Uzi, vestido con unos pantalones cortos reducidos a la mínima expresión, sandalias «bíblicas» en los pies y la barba descuidada y frondosa, parecía una criatura del desierto trasplantada a un zoo, fuera de su elemento y sin saber qué hacer con su cuerpo.
Así pues, Michael Ohayon se encontró una vez más desempeñando un papel al que ya estaba acostumbrado, y fue él quien se encargó de dar la mala noticia.

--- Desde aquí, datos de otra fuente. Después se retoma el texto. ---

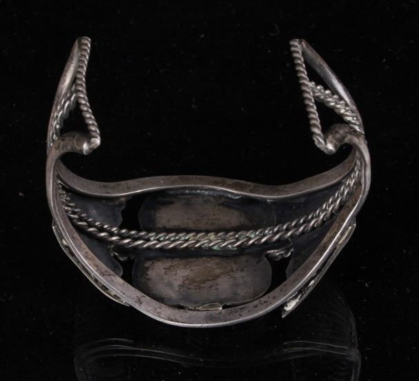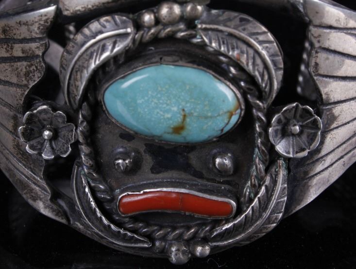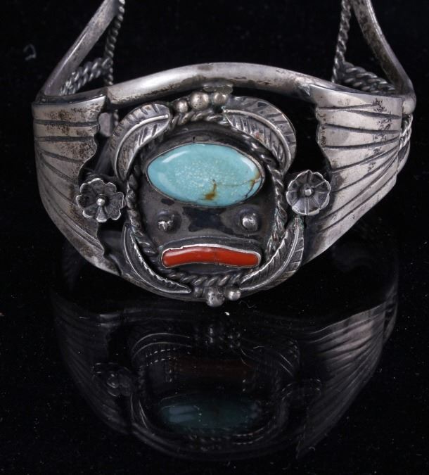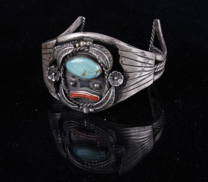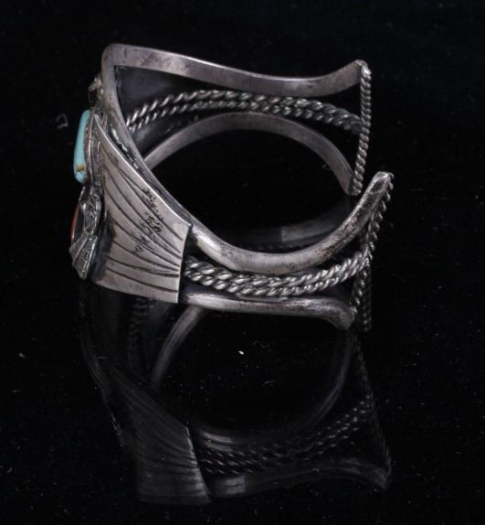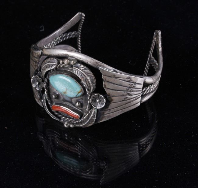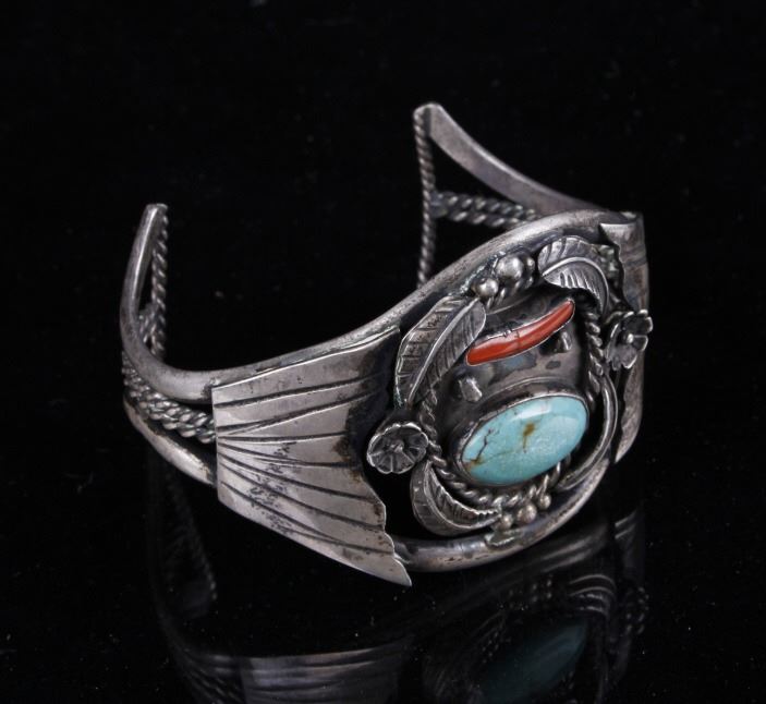 This lot features a sterling silver Navajo turquoise and coral bracelet. The bracelet has a stunning design centered around the two stones. Both stones have a good tone. The overall condition of the piece is good for its age. Measures: 5" C x 1 1/2" W

No lloró, la mujercita regordeta que se enroscaba las manos en la fina tela de su sencillo vestido. La plomiza calima que había descendido sobre Jerusalén la semana anterior aún mantenía atenazada a la ciudad, y las ventanas, que daban a la calle, estaban abiertas de par en par; el estrépito de los coches y autobuses que recorrían el bulevar Eshkol sonaba como si estuvieran dentro del apartamento. El sonido del televisor, que nadie se había preocupado de apagar, se fundía con el estruendo callejero y con el de otros televisores del vecindario.
– ¿Qué va a pasar ahora? -preguntó Ruth Dudai con voz lánguida, y Michael vio que estaba aturdida por la impresión.
Despacio, dulcemente, comenzó a explicarle que habría que esperar los resultados de la autopsia para saber la causa del accidente, y sólo entonces podría organizarse el entierro.
– Será necesario que alguien lo identifique -dijo con suavidad-, y ahora debería venir a acompañarla alguna persona de su confianza.
Le preguntó a continuación si tenía familia.